Введение к работе
Актуальность темы. Целенаправленная научно-обоснованная борьба с инфекционным заболеванием начинается с установления природы его возбудителя. Особенно это важно для карантинных инфекций, в частности для холеры, когда в кратчайшие сроки требуется принятие решения и осуществление ответственных противоэпидемических и профилактических мероприятий.
Проблема холеры остается актуальной в связи с особенностями ее современного широкого распространения по континентам и странам (Онищенко Г.Г. с соавт., 1992; Марамович А.С. с соавт., 1994; Ломов Ю.М. с соавт., 1995).
При этом весьма существенное, даже решающее значение имеет первый точный бактериологический диагноз, в котором определяющим звеном служит серологический этап исследования.
Одним из перспективных направлений усовершенствования препаратов для идентификации возбудителя холеры является создание диагностикумов на основе моноклональных антител (Алексеева Л.П., 1983). Однако прогресс в этом направлении в нашей стране сдерживается отсутствием или дефицитом коммерческих реактивов и в еще большей мере - недостаточностью сведений о природе антигенов холерного вибриона.

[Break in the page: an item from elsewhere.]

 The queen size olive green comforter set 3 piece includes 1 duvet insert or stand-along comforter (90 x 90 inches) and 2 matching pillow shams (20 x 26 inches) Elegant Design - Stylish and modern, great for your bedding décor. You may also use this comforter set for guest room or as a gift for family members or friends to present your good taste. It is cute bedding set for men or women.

В любом случае для точной серологической детекции холерного вибриона требуется высококачественная холерная агглютинирующая О-сыворотка. В настоящее время в связи со значительным снижением потребности выпуск лошадиных холерных О-сывороток стал экономически не выгодным. Кроме того, лошадиная холерная агглютинирующая О-сыворотка в силу физиологических особенностей продуцента недостаточно видоспецифична, в связи с чем технология ее производства предусматривает как дополнительный этап адсорбцию неспецифических (перекрестно-реагирующих) антител убитыми формалином холерными вибрионами не 01 группы. Однако, эта трудоемкая и требующая больших количеств микробной массы процедура не обеспечивает высокой специфичности готового препарата. При адсорбции удаляются антитела не только к штаммам, используемым в качестве адсорбента, но и существенно снижается титр специфических антител (Дертева И.И. с соавт., 1972; Тюменцев С.Н. с соавт., 1983).

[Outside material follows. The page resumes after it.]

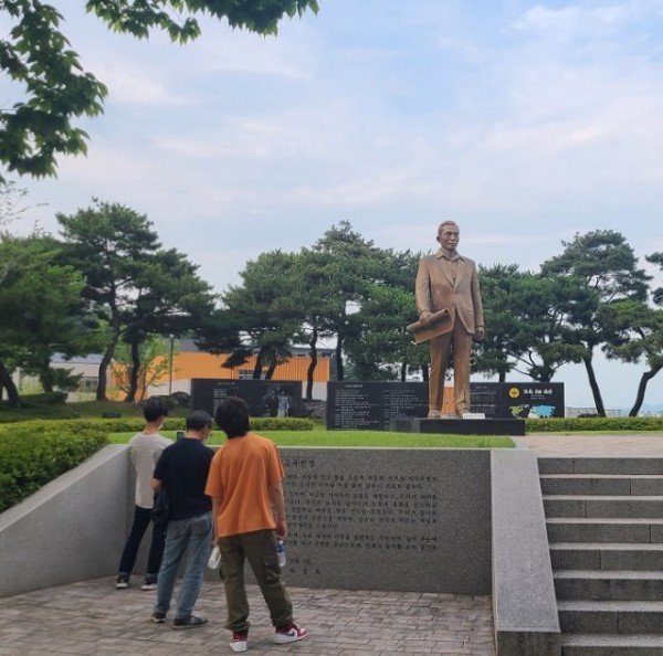 Photo description: A statue commemorating President Park Chung-hee in Sangmo-dong, Gumi, and a Saemaul Theme Park nearby make you reminisce about the dim memories of the 60s and 70s.

Более рационально использовать кроликов в качестве продуцентов иммунных сывороток, которые более специфичны, чем аналогичные препараты от крупных животных, в частности лошадей (Андреевская Н.М., 1987). Своеобразие сывороточных антител кролика обусловлено тем, что их антиген-связывающие центры соответствуют группировкам из 2-6 простых Сахаров в молекуле О-антигена, а поскольку вероятность встречаемости именно таких
сочетаний в О-антигенах других бактерий невелика, иммунные сыворотки кроликов содержат меньшее количество гетерогенных антител и дают соответственно меньше перекрестных реакций (Staub A.M., 1964; Staub A.M. et al., 1966). По этой причине при изготовлении кроличьих агглютинирующих сывороток создается возможность исключения из технологического процесса этапа адсорбции неспецифических антител.
Активность и специфичность агглютинирующих сывороток обусловливается целым рядом факторов: свойствами иммунизирующего антигена, схемой иммунизации животных, включая способы, дозы, кратность и периодичность введения антигена, видовыми и индивидуальными особенностями иммунологической реактивности животных-продуцентов (Карпов СП. с соавт., 1976; Смирнов В.В. ссоавт., 1980; Андреевская Н.М., 1987).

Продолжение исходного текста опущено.